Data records
┌──
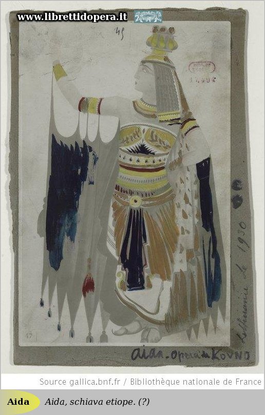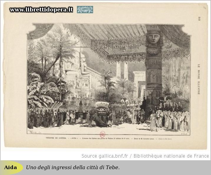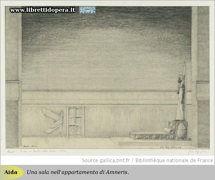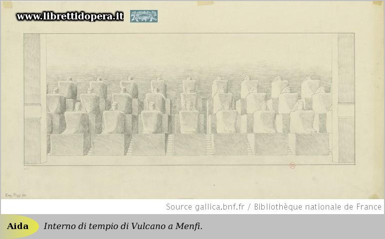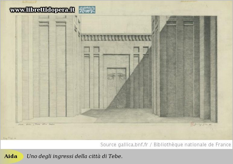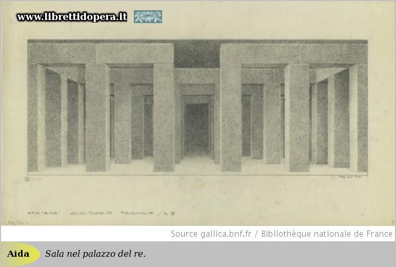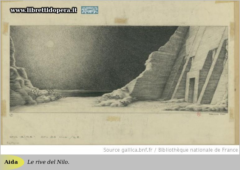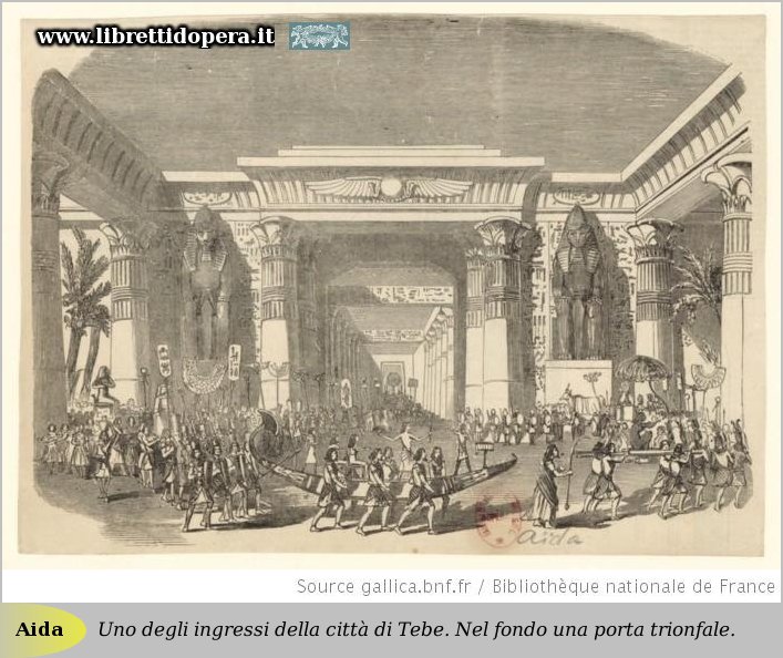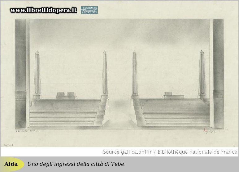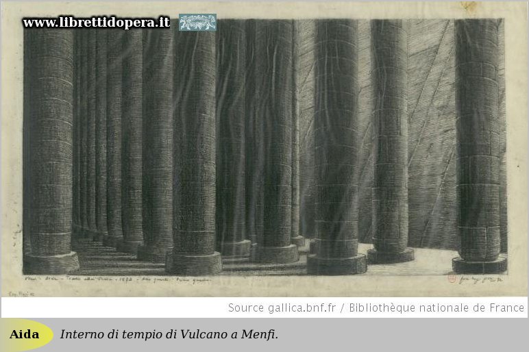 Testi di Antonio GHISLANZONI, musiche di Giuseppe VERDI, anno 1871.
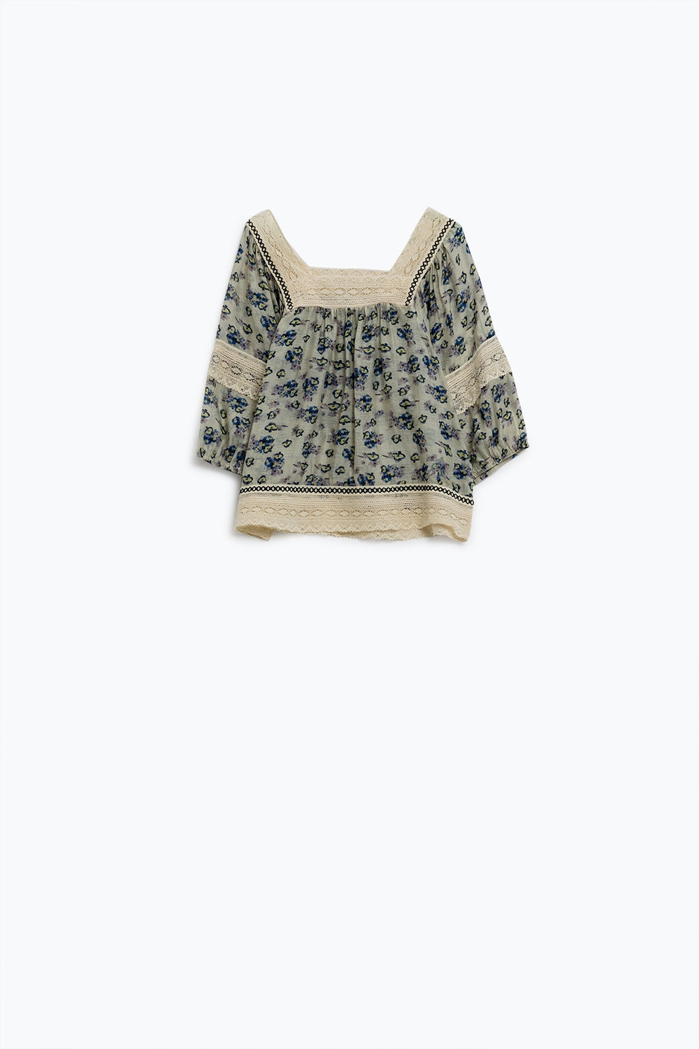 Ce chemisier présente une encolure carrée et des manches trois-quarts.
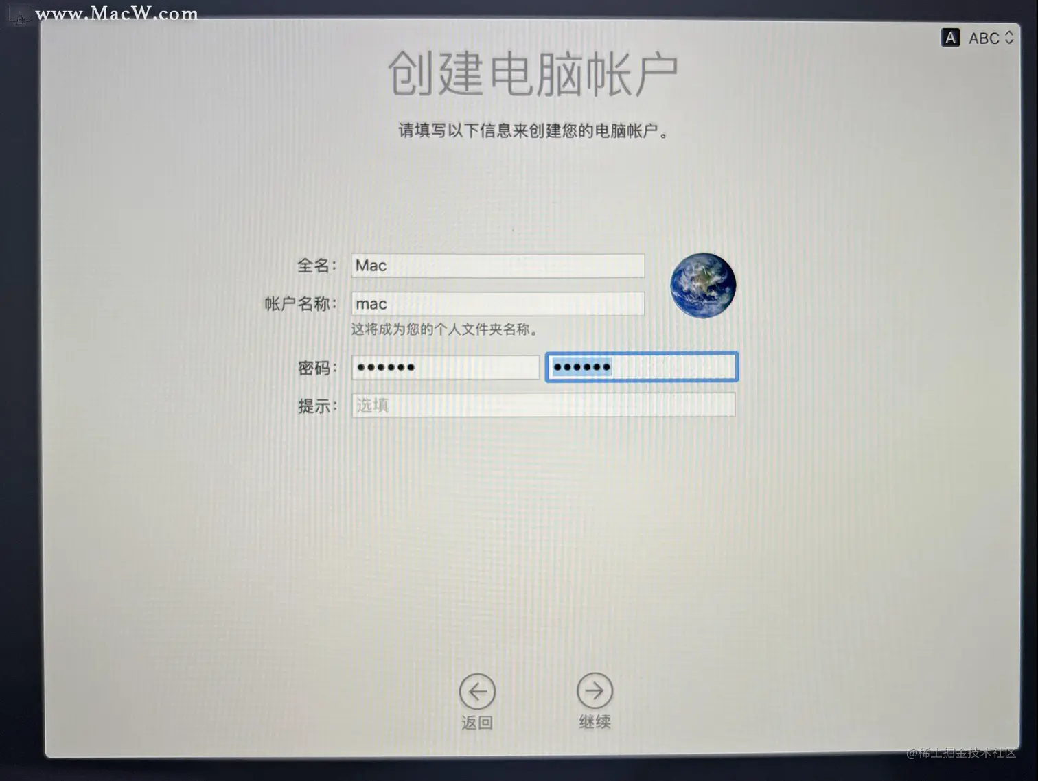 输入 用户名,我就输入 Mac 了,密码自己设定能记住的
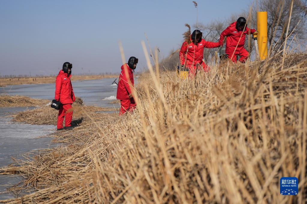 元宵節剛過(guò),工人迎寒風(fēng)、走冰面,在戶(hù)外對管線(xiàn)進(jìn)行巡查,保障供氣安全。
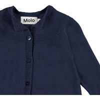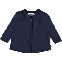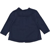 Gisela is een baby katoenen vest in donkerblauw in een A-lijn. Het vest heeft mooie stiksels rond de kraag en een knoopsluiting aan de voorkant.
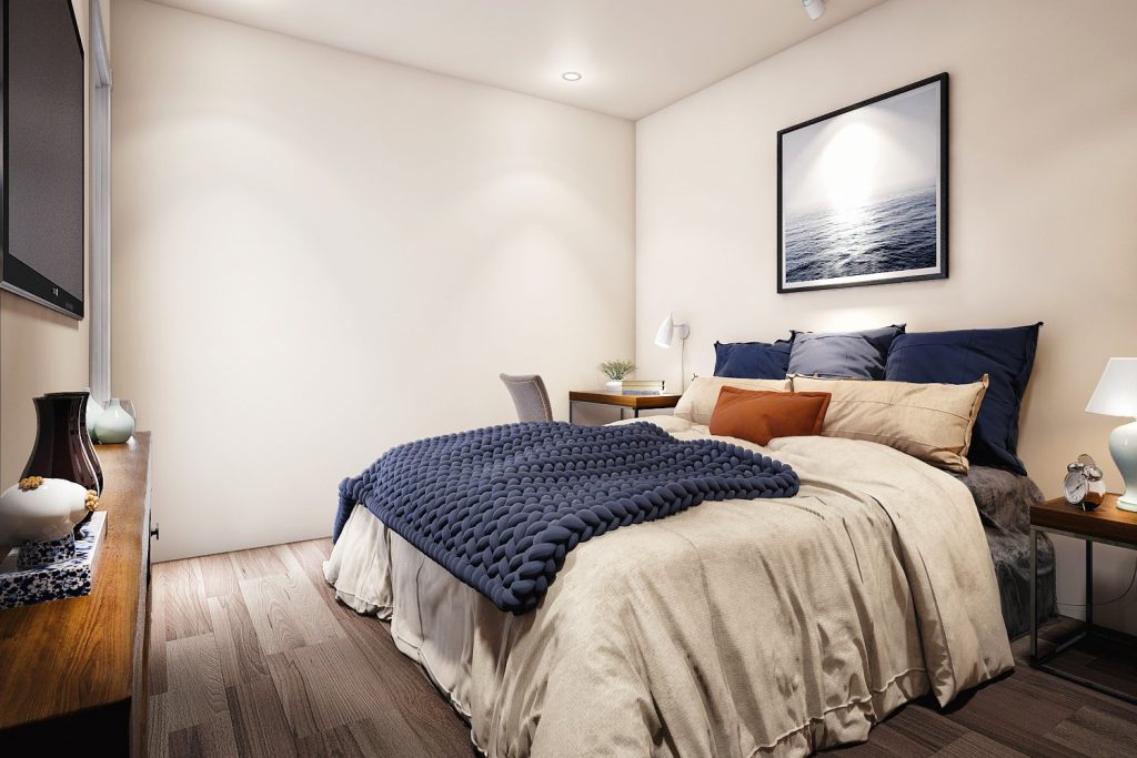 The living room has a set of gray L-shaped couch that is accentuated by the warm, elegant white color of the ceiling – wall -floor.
└──
* TASK GOAL
Go back to the line containing "元宵節剛過(guò),工人迎" and output it and every line after it through the end of the records, exactly, but not the pictures.

* OUTPUT BELOW
 元宵節剛過(guò),工人迎寒風(fēng)、走冰面,在戶(hù)外對管線(xiàn)進(jìn)行巡查,保障供氣安全。
 Gisela is een baby katoenen vest in donkerblauw in een A-lijn. Het vest heeft mooie stiksels rond de kraag en een knoopsluiting aan de voorkant.
 The living room has a set of gray L-shaped couch that is accentuated by the warm, elegant white color of the ceiling – wall -floor.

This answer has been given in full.